This is a real piece of SageMath/Python code (Jupyter) I devised for the example.
Jupyter exported HTML.
Three 4096-bit RSA keys, but (public) exponent is too low - 3.
If the same message was encrypted to these 3 keys, the message can be recovered.
Let's see, how it works.

Chinese Remainder Theorem states, that for a system of equation...

\( c1 = c \pmod {p1} \)

\( c2 = c \pmod {p2} \)

\( c3 = c \pmod {p3} \)

...

... (unique) c can be recovered, given the fact that we know c1/c2/c3/p1/p2/p3 and p1/p2/p3 are coprimes to each other.

Now a message encrypted to three RSA public keys is:

\( c1 = m^e \pmod {p1} \)

\( c2 = m^e \pmod {p2} \)

\( c3 = m^e \pmod {p3} \)

An attacker, knowing three ciphertexts (c1/c2/c3) and three RSA public keys (e/p1/p2/p3) can calculate \( m^e \) without effort.
If e is 3, getting m is simply finding cube root.
p1/p2/p3 are (most often) coprimes to each other.
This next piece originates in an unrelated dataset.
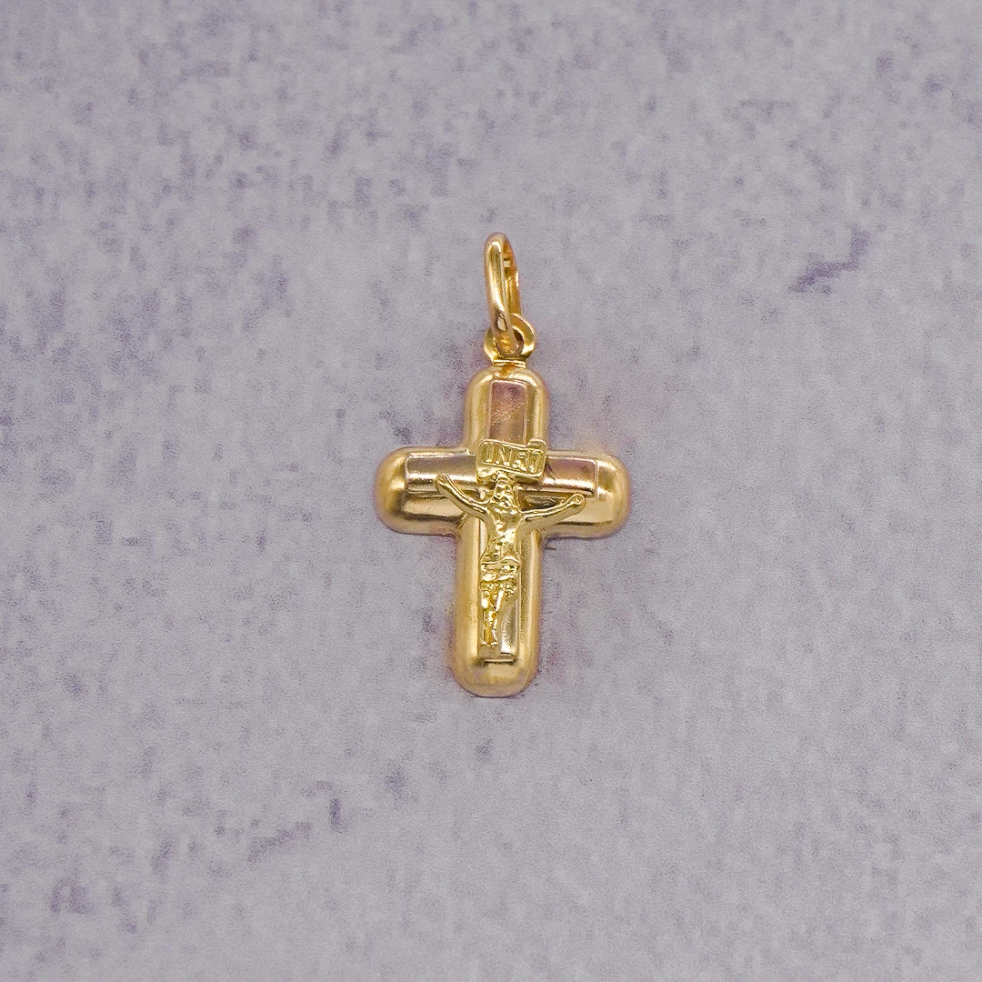 Dije Cruz Cristo Tres Oros 18K elaborado en oro 18 Kilates, una joya exclusiva de Orofino, reconocida joyería en Ecuador especializada en anillos de oro, aretes de oro y cadenas de alta calidad. Su diseño elegante y acabado fino garantizan brillo duradero y resistencia, convirtiéndolo en una opción perfecta para uso diario o para regalar en ocasiones especiales con distinción y lujo.

Next you'll see a DIY homebrew algorithm from stack overflow, that can be used instead of CRT.
Simple and fast.
Getting message as big as 4096-bit is no problem at all.
But at least three recipients are required.
Two are not enough.

If you drop the crt() function call (which is SageMath function) and use only this DIY function (solve_eq()), this will converts to
pure Python code.

I tried keys with e=5, but both SageMath and Mathematica can't extract 5th root.
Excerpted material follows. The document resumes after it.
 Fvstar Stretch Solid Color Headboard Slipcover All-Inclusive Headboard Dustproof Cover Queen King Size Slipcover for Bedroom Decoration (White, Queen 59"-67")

It's important to note that even in case of large exponent (like 65537), we can still recover
\( m^e = m^{65537} \), but finding \( m \) would be much harder, if possible at all.
So this information (\( m^e \)) is useless.

The moral of the story: use a large public exponent.
A common exponent is 0x10001 (65537).
All keys generated by OpenSSL use this exponent.
Also, make all encrypted messages unique.
This is achieved by adding some (random) salt or padding.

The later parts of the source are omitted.